0 = mv + MV (conservation of momentum)
V = -(mv)/M = -.160*45/80 = -.090 m/s ~ about a centimeter per second towards the TARDIS
So, at the moment the Doctor throws the ball, he starts moving backwards slightly less than a centimeter per second. I could see the camera missing that, personally.
Now, there's nothing to slow the ball down, so assuming a perfectly elastic collision with the (immovable) spaceship, it should bounce back at exactly the same speed it went out with. So, if V2 is the Doctor's speed after he catches it, we should have:
MV - mv = (m+M) V2
MV = -mv though (from above)
V2 = 2(MV)/(m+M)
but since the mass of the cricket ball is negligible compared to the mass of the Doctor, V2 ~ 2V, or .18 m/s towards the TARDIS.
Assuming the total distance from the ship to the TARDIS is 100 m and the Doctor got about 2/3 of the way there (66 m) before stopping (somehow), and taking into account that he will already have moved a bit before he catches the ball, at this rate, he reaches the TARDIS about 190 seconds after throwing the cricket ball.
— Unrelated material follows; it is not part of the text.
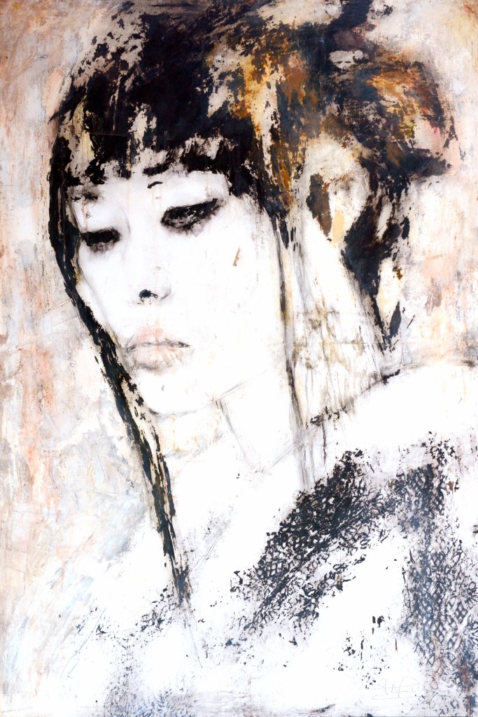 Il essaie de s’approcher d’une féminité ambiguë, qui peut lui laisser transparaître le reflet lisse de la jeunesse, et à la fois une image mordue par les épreuves du temps qui parcheminent les apparences. Il a abouti a un style très particulier qui fait sa signature, Depuis 2013, il peint, cependant il a l’impression d’avoir toujours peint, son parcours
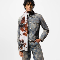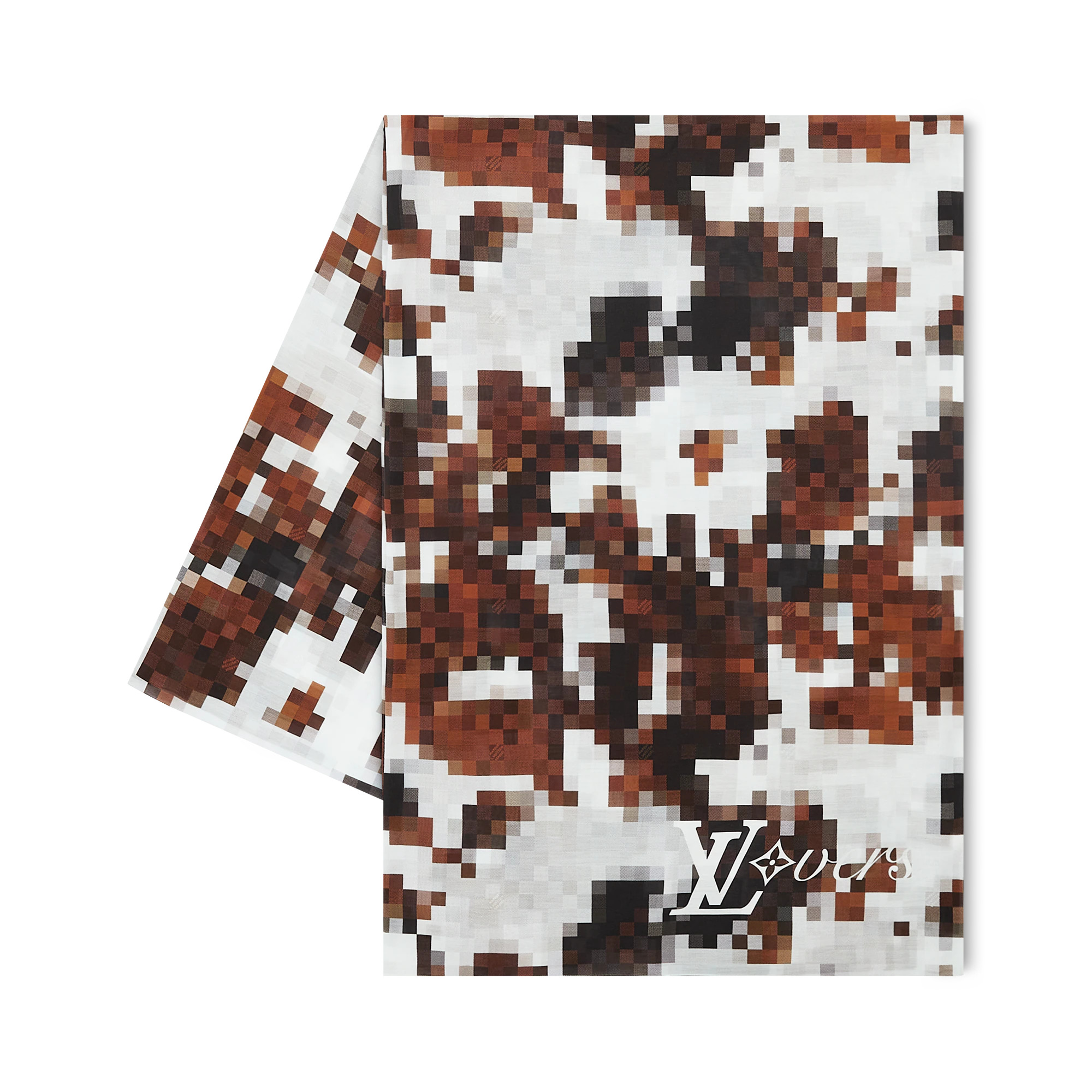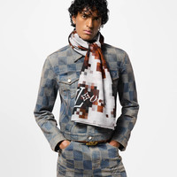 Featuring a standout motif from the Fall-Winter 2024 Show, this Cowmooflage Stole will energize any ensemble. Crafted in a cotton-silk blend, it features an audacious twist on the heritage Damier, playfully reinterpreted in pixelated cowhide tones. Marque L.Vuitton Deposee signatures are discreetly integrated into the motif, while a contrasting white LV Lovers signature adorns one end. Length: 78.7 inches Height: 53.1 inches - Brown - 70% cotton, 30% silk - Made in Italy

So that's just over 3 minutes in space, and while the scene doesn't take nearly that long, it's definitely survivable between his Bizarre Alien Biology and the fact that he thought to put a space helmet on. Again, firmly in the realm of "good enough" science.
The other minor quibble is that, since he catches the cricket-ball slightly off his center of mass, he should have started to spin slightly, but again, I can forgive them for eliding that admittedly delightful detail.
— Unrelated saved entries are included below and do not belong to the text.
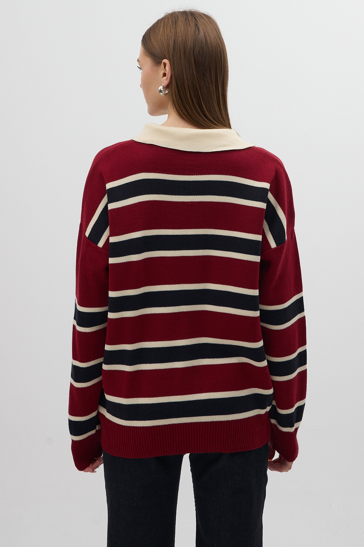 Bordo Çizgili Polo Yaka Kadın Kazak 1018
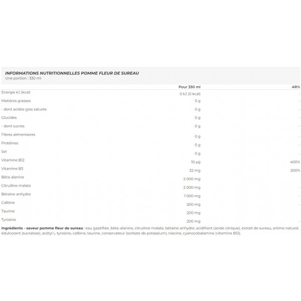 Ingredientes - flor de sabugueiro sabor maçãágua gaseificada, beta-alanina, citrulina, betaína anidra, acidificante (ácido cítrico), extrato de sabugueiro, aroma natural, edulcorante (sucralose), acetil L-tirosina, cafeína, taurina, sorbato de potássio, niacina, cianocobalamina (vitamina B12).
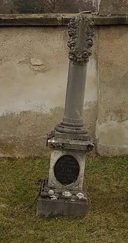 Grabstein aus den 1930er Jahren mit Gedenkinschriften für zwei Opfer des Holocaust
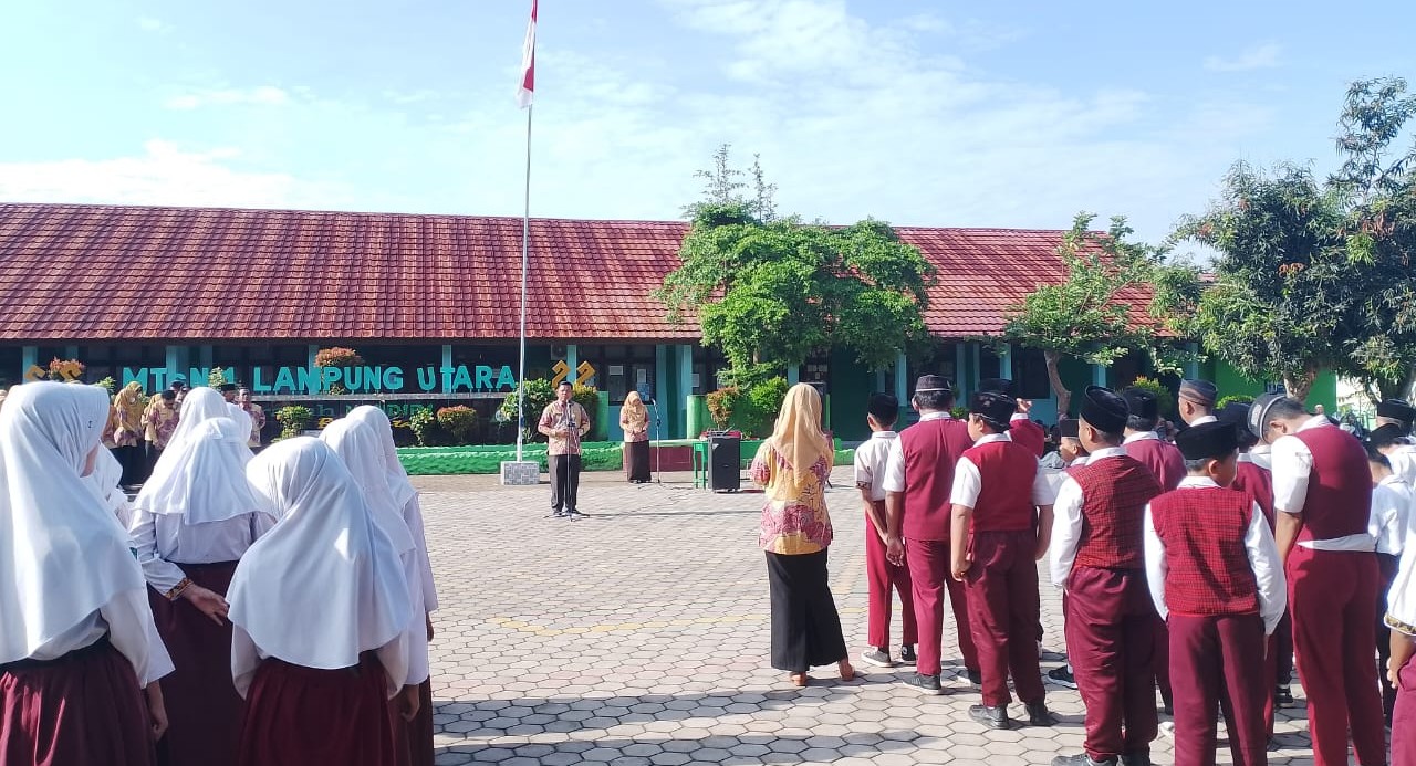 Lampung Utara, Metrodeadline – Madrasah Tsanawiyah Negeri (MTsN) 1 Lampung Utara (Lampura) menggelar ujian Penerimaan Murid Baru (PMB) tahun ajaran 2026/2027 jalur reguler. Ujian berlangsung di beberapa ruang kelas MTsN 1 Lampura. Sebelum pelaksanaan ujian, Kepala MTsN 1 Lampura, Untoro bersama dewan guru dan staf mengadakan apel yang dilaksanakan di lapangan madrasah. Sabtu (18/04/2026)

In conclusion: would this work in real life? YES. Is it "bad science?" NO. Is it perfect? of course not. Is it nevertheless better than most science you see in a show like this? ABSOLUTELY. Would the Doctor and MacGyver get along? Of course not, they're way too similar. Is this my very favorite scene in this whole silly episode? YOU BET. How great is conservation of momentum? THE GREATEST.
No but for serious on that last. Conservation of energy is pretty cool and all, but the mass-energy conversion can play a little havoc with that. So okay, we've got conservation of mass-energy. And then you need to worry about relativity and curved spaces but MY GUYS. CONSERVATION OF MOMENTUM. Is the best conservation law of all time. Conservation of angular momentum can come too. Look, what other conservation laws have whole sports and games and things based off of them? Not conservation of energy that's for darn sure. I am always always down for creative exploitation of conservation of momentum. Whether it involves cricket or not.